An example of the data is below:
datetime | value |
---|---|
2018-11-17 00:00:00 | 9.12 |
2018-11-17 01:00:00 | 8.94 |
2018-11-17 02:00:00 | 8.68 |
2018-11-17 03:00:00 | 8.19 |
2018-11-17 04:00:00 | 7.75 |
2018-11-17 05:00:00 | 7.35 |
2018-11-17 06:00:00 | 7.05 |
2018-11-17 07:00:00 | 6.55 |
2018-11-17 08:00:00 | 6.30 |
2018-11-17 09:00:00 | 6.28 |
2018-11-17 10:00:00 | 6.68 |
2018-11-17 11:00:00 | 7.64 |
2018-11-17 12:00:00 | 8.61 |
2018-11-17 13:00:00 | 9.44 |
2018-11-17 14:00:00 | 9.84 |
2018-11-17 15:00:00 | 9.62 |
2018-11-17 16:00:00 | 8.17 |
2018-11-17 17:00:00 | 6.16 |
2018-11-17 18:00:00 | 5.93 |
2018-11-17 19:00:00 | 5.36 |
2018-11-17 20:00:00 | 4.69 |
2018-11-17 21:00:00 | 4.36 |
2018-11-17 22:00:00 | 4.68 |
2018-11-17 23:00:00 | 4.86 |
2018-11-18 00:00:00 | NaN |
2018-11-18 01:00:00 | NaN |
2018-11-18 02:00:00 | NaN |
2018-11-18 03:00:00 | NaN |
2018-11-18 04:00:00 | NaN |
2018-11-18 05:00:00 | NaN |
2018-11-18 06:00:00 | NaN |
2018-11-18 07:00:00 | NaN |
2018-11-18 08:00:00 | NaN |
2018-11-18 09:00:00 | NaN |
2018-11-18 10:00:00 | NaN |
2018-11-18 11:00:00 | NaN |
2018-11-18 12:00:00 | NaN |
2018-11-18 13:00:00 | NaN |
2018-11-18 14:00:00 | NaN |
2018-11-18 15:00:00 | NaN |
2018-11-18 16:00:00 | NaN |
2018-11-18 17:00:00 | NaN |
2018-11-18 18:00:00 | NaN |
2018-11-18 19:00:00 | NaN |
2018-11-18 20:00:00 | NaN |
2018-11-18 21:00:00 | NaN |
2018-11-18 22:00:00 | NaN |
2018-11-18 23:00:00 | NaN |
2018-11-19 00:00:00 | 3.19 |
2018-11-19 01:00:00 | 2.60 |
2018-11-19 02:00:00 | 2.29 |
2018-11-19 03:00:00 | 1.97 |
2018-11-19 04:00:00 | 2.19 |
2018-11-19 05:00:00 | 3.09 |
2018-11-19 06:00:00 | 4.32 |
2018-11-19 07:00:00 | 4.87 |
2018-11-19 08:00:00 | 5.14 |
2018-11-19 09:00:00 | 5.55 |
2018-11-19 10:00:00 | 6.34 |
2018-11-19 11:00:00 | 7.43 |
2018-11-19 12:00:00 | 8.18 |
2018-11-19 13:00:00 | 8.53 |
2018-11-19 14:00:00 | 8.45 |
2018-11-19 15:00:00 | 7.94 |
2018-11-19 16:00:00 | 6.87 |
2018-11-19 17:00:00 | 5.56 |
2018-11-19 18:00:00 | 4.65 |
2018-11-19 19:00:00 | 4.18 |
2018-11-19 20:00:00 | 3.97 |
2018-11-19 21:00:00 | 3.98 |
2018-11-19 22:00:00 | 4.01 |
2018-11-19 23:00:00 | 4.00 |
So, for example, the desired output for 2018-11-18 00:00:00 would be the mean of 9.12 and 3.19 = 6.16. And so on for the other hours of the day on 2018-11-18.
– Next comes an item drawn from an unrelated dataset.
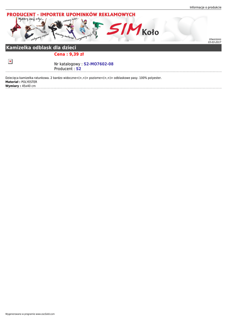 Informacje o produkcie Utworzono 03-03-2017 Kamizelka odblask dla dzieci Cena : 9,39 zł Nr katalogowy : S2-MO7602-08 Producent : S2 Dziecięca kamizelka ratunkowa. 2 bardzo widoczne<(>,<)> poziome<(>,<)> odblaskowe pasy. 100% polyester. Materiał : POLYESTER Wymiary : 45x40 cm Wygenerowano w programie www.oscGold.com

Is there a simple way to do this in pandas? Ideally with a method that could be applied to a whole column (feature) within a data frame, rather than having to slice out some of the data, transform it, and then replace (because honestly, it would be a lot quicker for me to do that in excel!).
Thanks in advance for your help.
Try:
#make sure every hour is in the datetime
df = df.set_index("datetime").resample("1h").last()
#create a series of means averaging the values 24 hours before and after
means = df["value"].shift(24).add(df["value"].shift(-24)).mul(0.5)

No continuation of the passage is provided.